In 2023 gaf 17 procent van alle werknemers (15 tot 75 jaar) aan in de afgelopen twaalf maanden met ongewenst gedrag op het werk te maken hebben gehad. Naast de zorg (30 procent), kwam ook in de horeca ongewenst gedrag relatief vaak voor (20 procent). Werknemers in de landbouw en in de bouw ervoeren het juist relatief weinig.
Ruim 1 op de 5 vrouwelijke werknemers ervaart ongewenst gedrag
Vrouwelijke werknemers geven vaker aan dat zij in de afgelopen twaalf maanden met ongewenst gedrag te maken hebben gehad: 21 procent, tegen 13 procent van de mannelijke werknemers. Dit speelt mee bij het relatief hoge percentage ongewenst gedrag in bedrijfstakken waar veel vrouwen werken, zoals de zorg en het onderwijs. In die twee bedrijfstakken was in 2023 respectievelijk 82 en 65 procent van de werknemers vrouw. In de bouw was dit 14 procent.

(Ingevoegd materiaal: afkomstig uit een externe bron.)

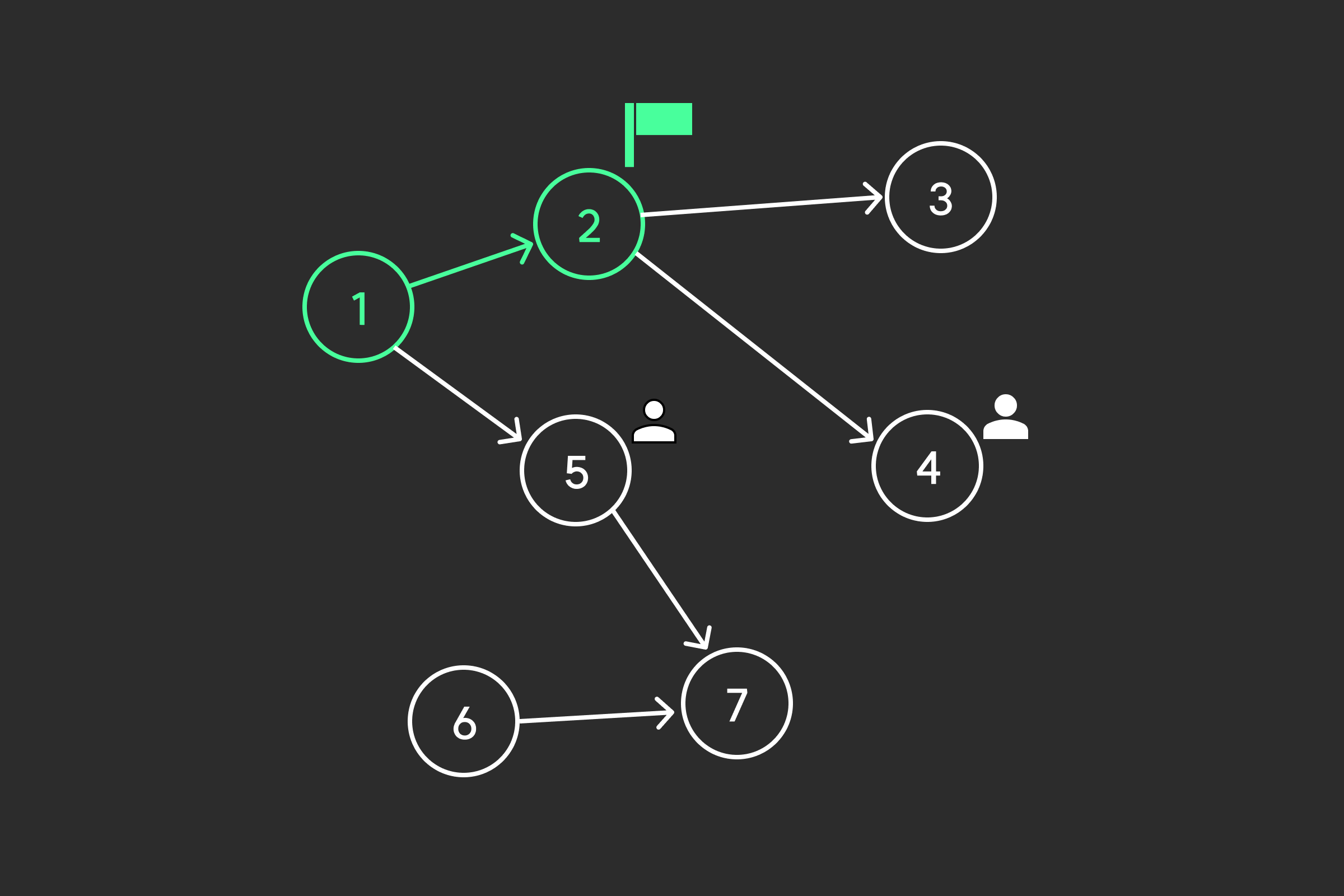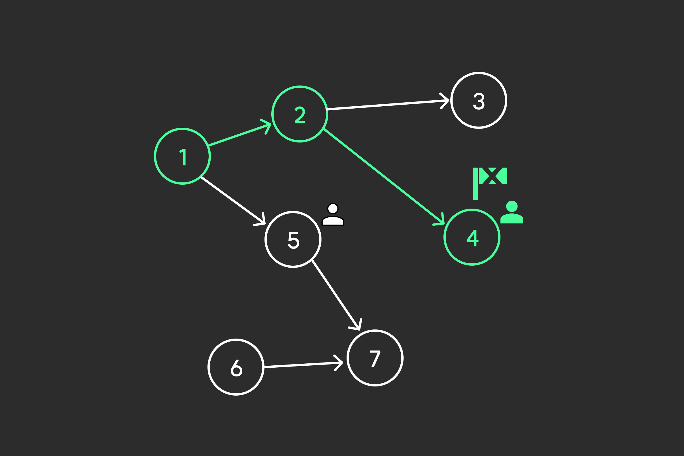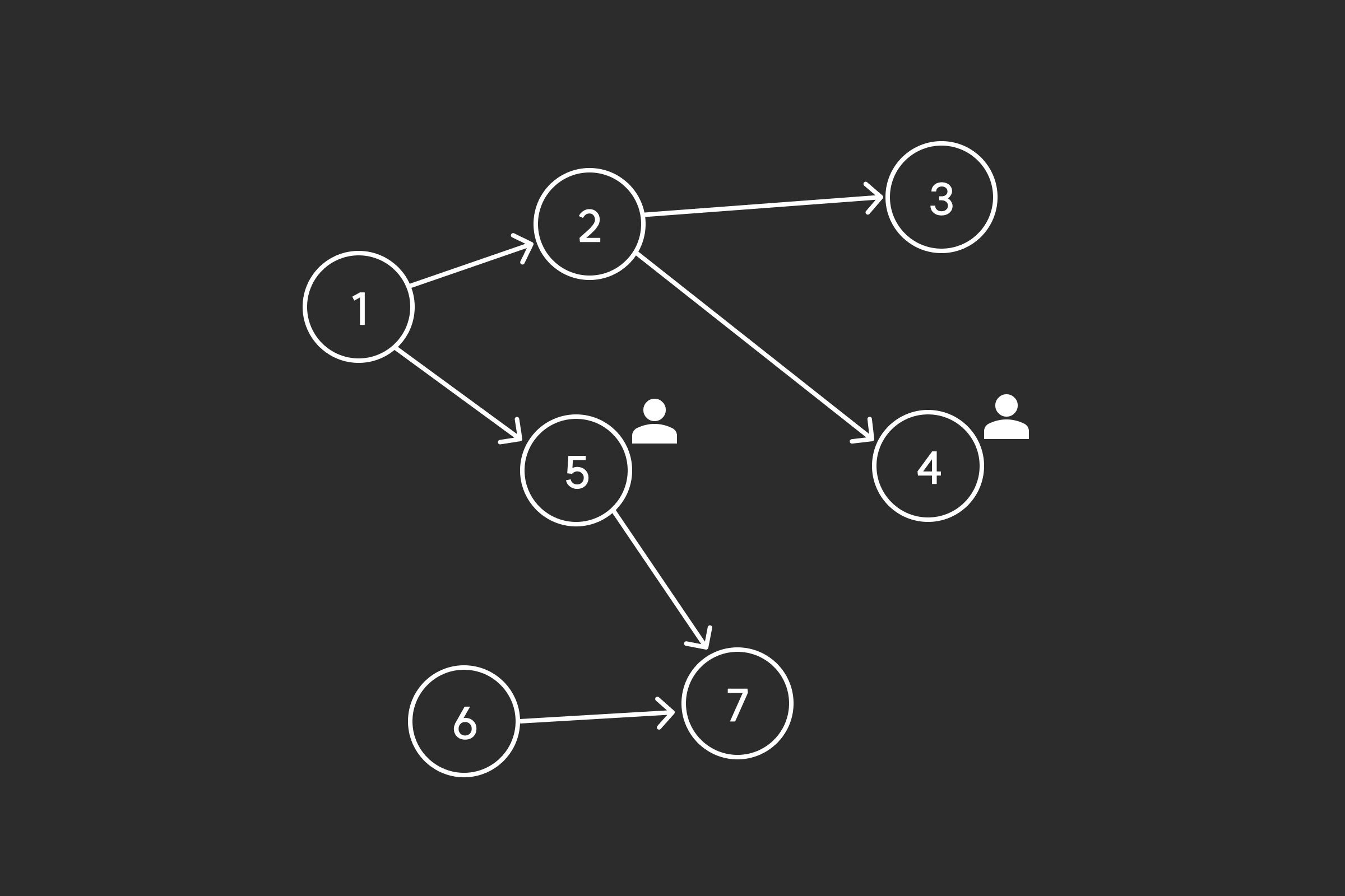 투어리스트 곰곰이는 종종 이 그래프 위에서 여행을 떠난다. 투어리스트 곰곰이의 여행은 1번 정점에서 출발해 간선을 따라서 이동한다. 그러다가 더 이상 간선을 따라서 이동할 수 없는 경우 투어리스트의 여행은 종료된다.

Vaker ongewenst gedrag bij veel contact
Ongewenst gedrag komt ook vaker voor als het werk meer contact met collega’s, klanten, patiënten of leerlingen met zich meebrengt. Werknemers in de zorg en horeca gaven met ruim 75 procent het vaakst aan dat zij (vrijwel) de hele dag andere mensen op het werk ontmoeten. In de ICT en de financiële dienstverlening gold dat voor minder dan 40 procent van de werknemers, het laagst van alle bedrijfstakken. In deze bedrijfstakken ervoeren relatief weinig werknemers ongewenst gedrag.
Mannen en vrouwen in zorg vrijwel even vaak last van ongewenst gedrag
Net als gemiddeld voor alle werknemers, loopt ook in de zorg en in de horeca het aandeel dat ongewenst gedrag ervaart op, naarmate er vaker contact met anderen is. Dit geldt voor zowel mannen als vrouwen. In totaal voor de zorg verschilt het aandeel dat ongewenst gedrag heeft ervaren niet noemenswaardig tussen mannelijke (29 procent) en vrouwelijke werknemers (30 procent).